**What the exercise asks:** Any picture in the range stays out of the copy; retype exactly the lines from the one with "这是一套硬币背景的,瑞丰银行数据报告PPT模板,共22张;" to the end of the listing.
++++
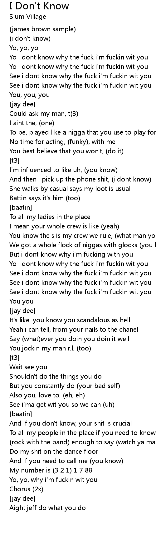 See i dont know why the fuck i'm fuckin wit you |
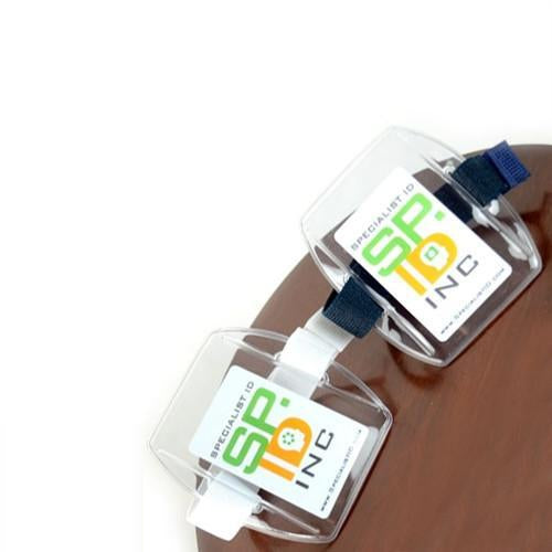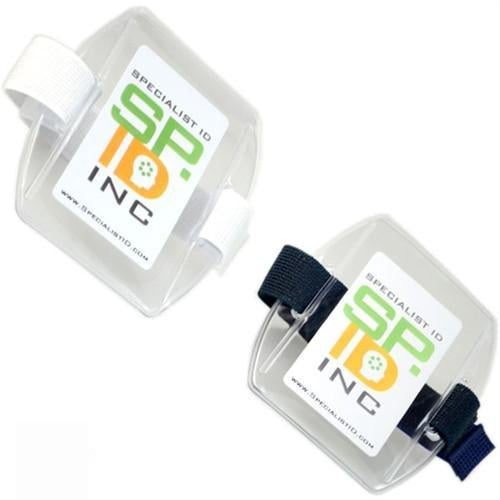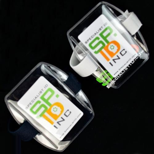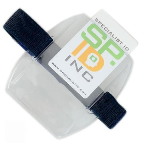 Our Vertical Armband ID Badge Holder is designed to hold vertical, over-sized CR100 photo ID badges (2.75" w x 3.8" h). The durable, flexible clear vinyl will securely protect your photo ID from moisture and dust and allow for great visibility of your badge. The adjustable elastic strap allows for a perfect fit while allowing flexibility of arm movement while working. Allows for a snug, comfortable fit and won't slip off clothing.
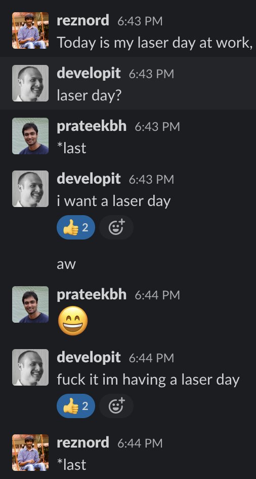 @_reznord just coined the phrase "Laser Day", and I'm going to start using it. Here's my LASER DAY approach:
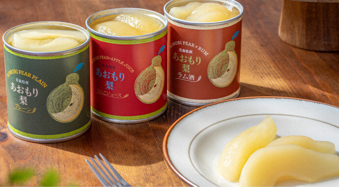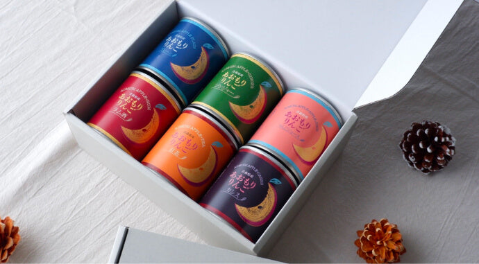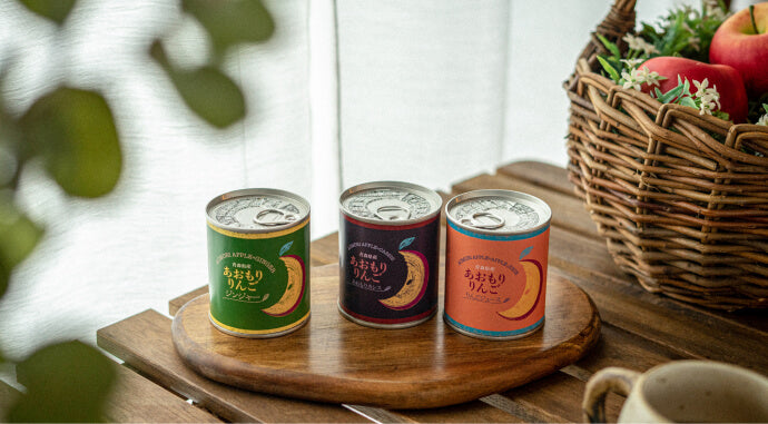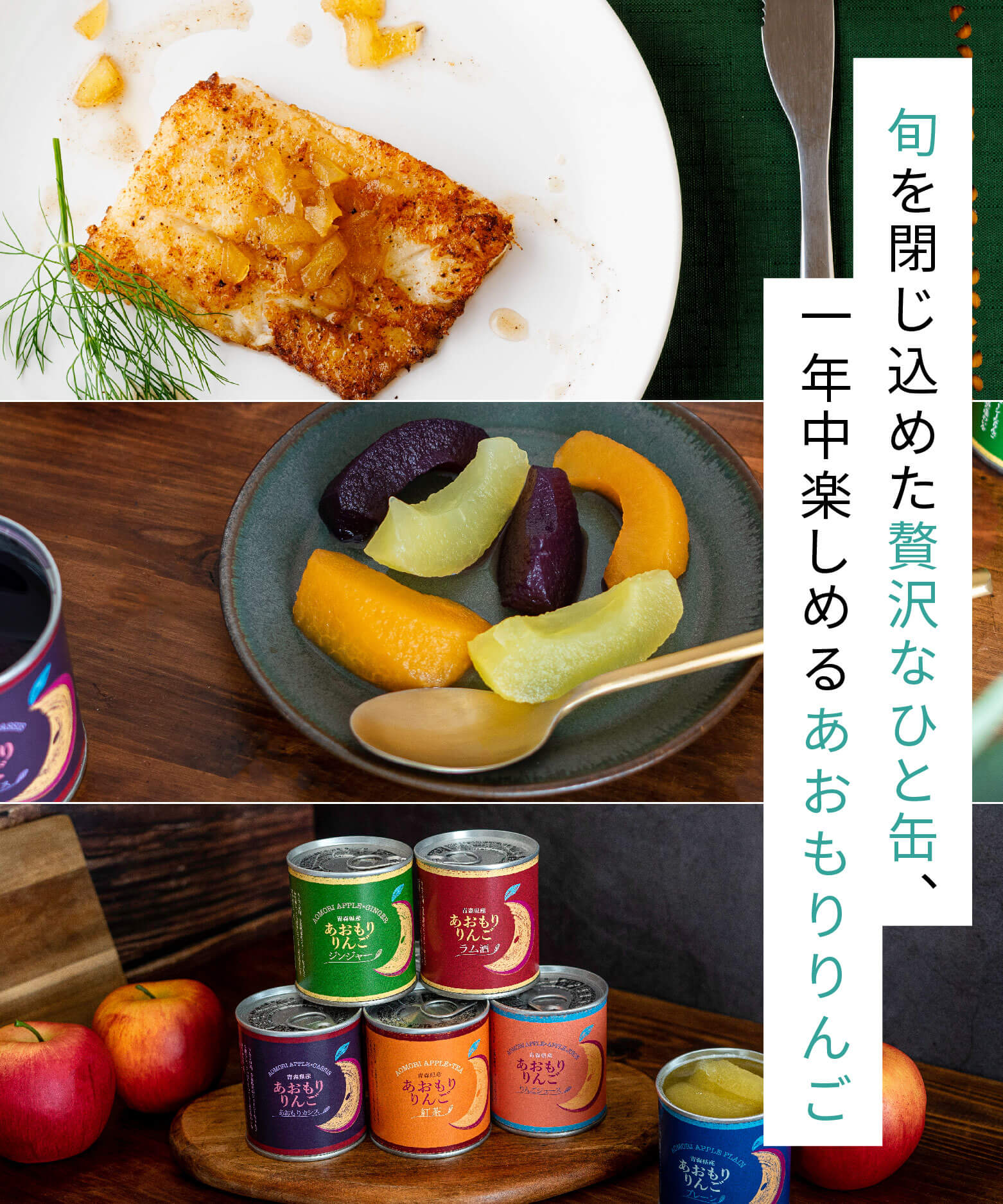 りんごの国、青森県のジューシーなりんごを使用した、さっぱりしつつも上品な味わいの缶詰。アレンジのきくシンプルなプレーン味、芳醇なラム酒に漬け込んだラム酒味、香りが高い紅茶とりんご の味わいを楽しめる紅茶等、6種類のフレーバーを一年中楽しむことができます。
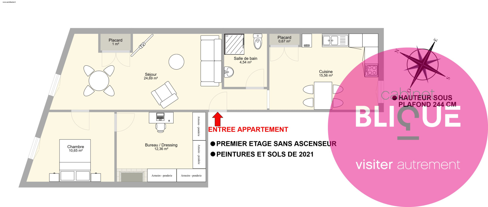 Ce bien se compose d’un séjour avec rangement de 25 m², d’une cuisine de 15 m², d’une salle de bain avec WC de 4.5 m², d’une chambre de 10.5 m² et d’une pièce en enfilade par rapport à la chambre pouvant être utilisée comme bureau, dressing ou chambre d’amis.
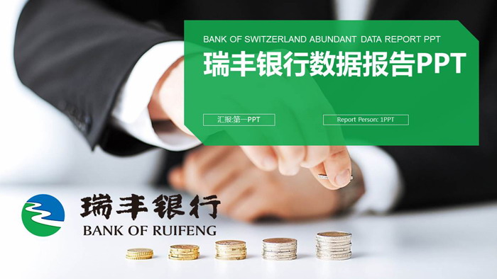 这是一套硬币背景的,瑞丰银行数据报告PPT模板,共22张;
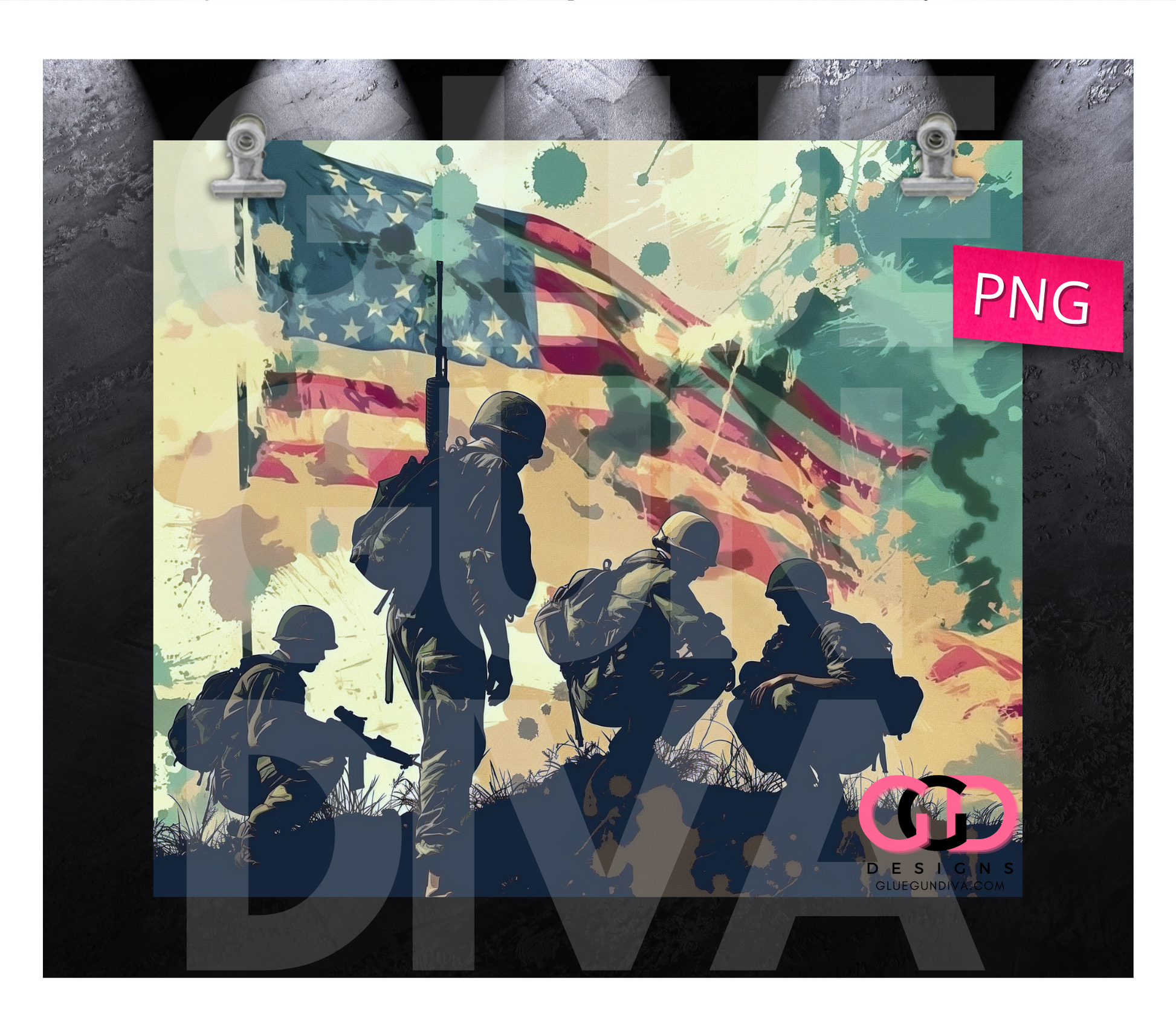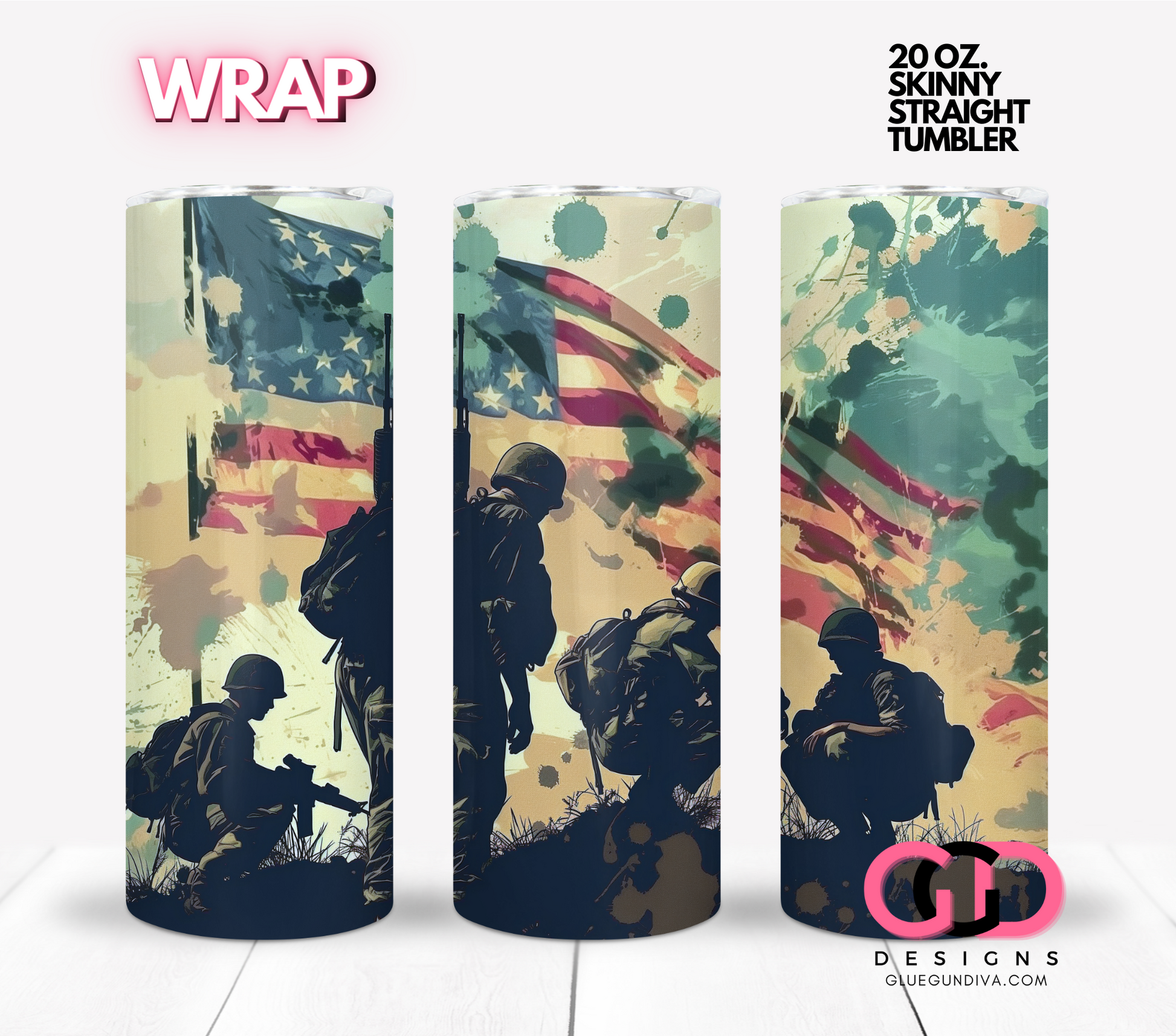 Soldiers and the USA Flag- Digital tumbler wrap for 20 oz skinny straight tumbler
++++
**Solved exercise:**
 这是一套硬币背景的,瑞丰银行数据报告PPT模板,共22张;
 Soldiers and the USA Flag- Digital tumbler wrap for 20 oz skinny straight tumbler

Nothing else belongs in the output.